= Mark Thurston =

British businessman (born 1967)

Mark Thurston (born ) is a British electrical engineer and businessman. He was chief executive of the High Speed 2 railway construction project from March 2017 to September 2023. He is currently chief executive at Anglian Water.

==Early life==
Thurston and attended The Wallington High School for Boys in his senior school years. He attended Loughborough University from 1999 to 2001, gaining an MSc in Engineering Management. In 2021, the University awarded him an honorary degree of Doctor of Technology.

==Career==
Thurston began his career as an apprentice with Transport for London. He later worked for Metronet.
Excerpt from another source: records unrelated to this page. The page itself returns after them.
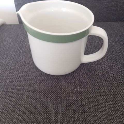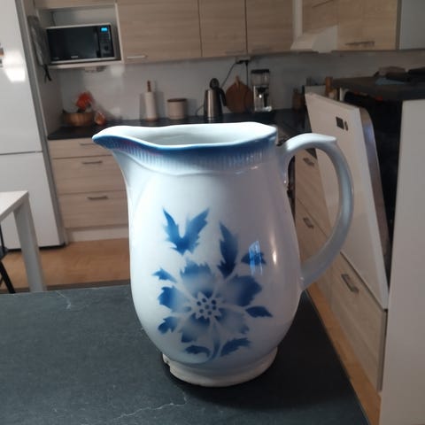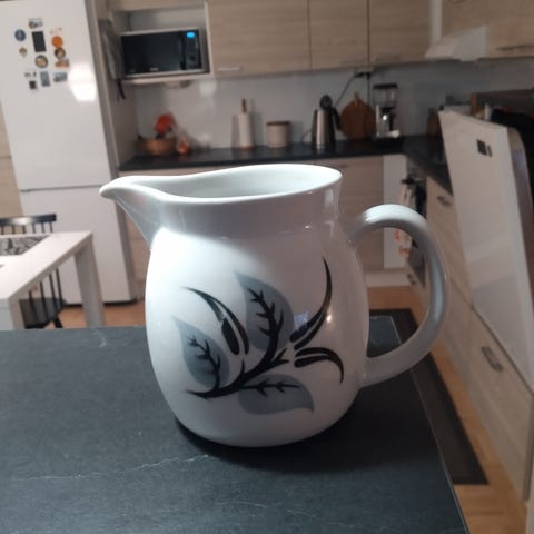 Tämä on Arabia Sininen Keittiö -sarjan maitokannu, jonka koristeen on suunnitellut Raija Uosikkinen.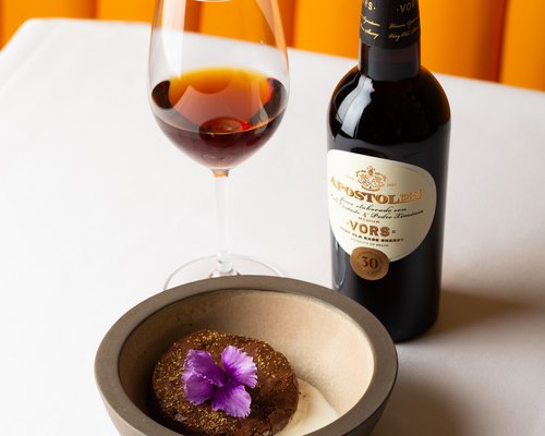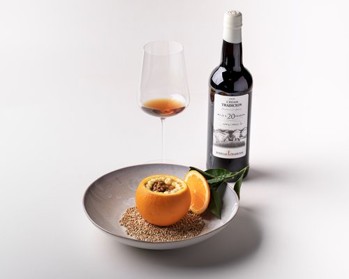 Para finalizar como postre, presentan una simbiosis absoluta de España y Bélgica, un antiguo clásico flamenco, la crêpe Suzette donde la naranja es la protagonista, tanto en la copa como en el plato. Dicho plato es acompañado por Jerez Bodegas Tradición, NV VOS Cream.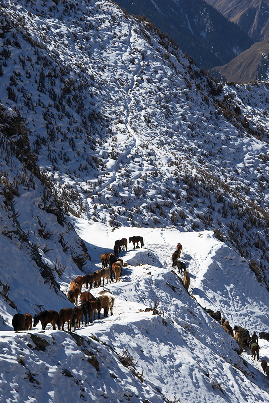 在數(shù)次轉(zhuǎn)場(chǎng)中,去往冬牧場(chǎng)最為艱苦。10月的巴音布魯克,臨近天山的多變氣候常會(huì)帶來(lái)大雪。春牧場(chǎng)的豪華氈包不適用,駐扎或轉(zhuǎn)場(chǎng)使用的多是僅有十幾根棍支撐的“角洛姆”。就簡(jiǎn)易和實(shí)用的雙重價(jià)值而言,“角洛姆”堪比印第安人的帳篷和哈薩克族人的單人野宿帳篷。不過(guò)我相信,“角洛姆”的歷史一定早于蒙古包。見(jiàn)到它,蒙古人數(shù)千年的飄泊歲月一下連通。正是“角洛姆”的庇護(hù),才使得當(dāng)年的蒙古大軍馳騁歐亞大陸少了一份累贅,亦如我隨著彭才一家往冬牧場(chǎng)的轉(zhuǎn)場(chǎng),白天把“角洛姆”綁在駝垛子上,晚上支架起來(lái)就是一個(gè)家。轉(zhuǎn)場(chǎng)第二天,馱運(yùn)“角洛姆”和一應(yīng)家什的駱駝、牦牛翻越海拔3000米之上的恰布恰勒達(dá)坂前往冬牧場(chǎng)。這條路最大的好處是寬,不至于把捆在駱駝或牦牛身上的垛子撞翻。羊群、馬群和不馱東西的牦牛走特克斯河牧道,路程短一半,只是行走難度大。一條羊腸道,時(shí)常就在崖壁之下通過(guò),一地碎石滾落,數(shù)十米之下就是咆哮的特克斯河。牧道最窄的地方,容不得兩匹馬錯(cuò)過(guò)——這是巴音布魯克草原最為驚心動(dòng)魄的冬季轉(zhuǎn)場(chǎng)牧道。

In June 2008, he joined CH2M as head of structures, bridges and highways, working on both Crossrail and London 2012.

On 26 January 2017, Thurston was appointed chief executive of High Speed 2. In 2022–2023, he was the highest paid of all UK public sector employees. Thurston went on to become the longest serving chief executive for High Speed 2, and stayed on until 2023 when he announced his resignation and then left the project in September of that year.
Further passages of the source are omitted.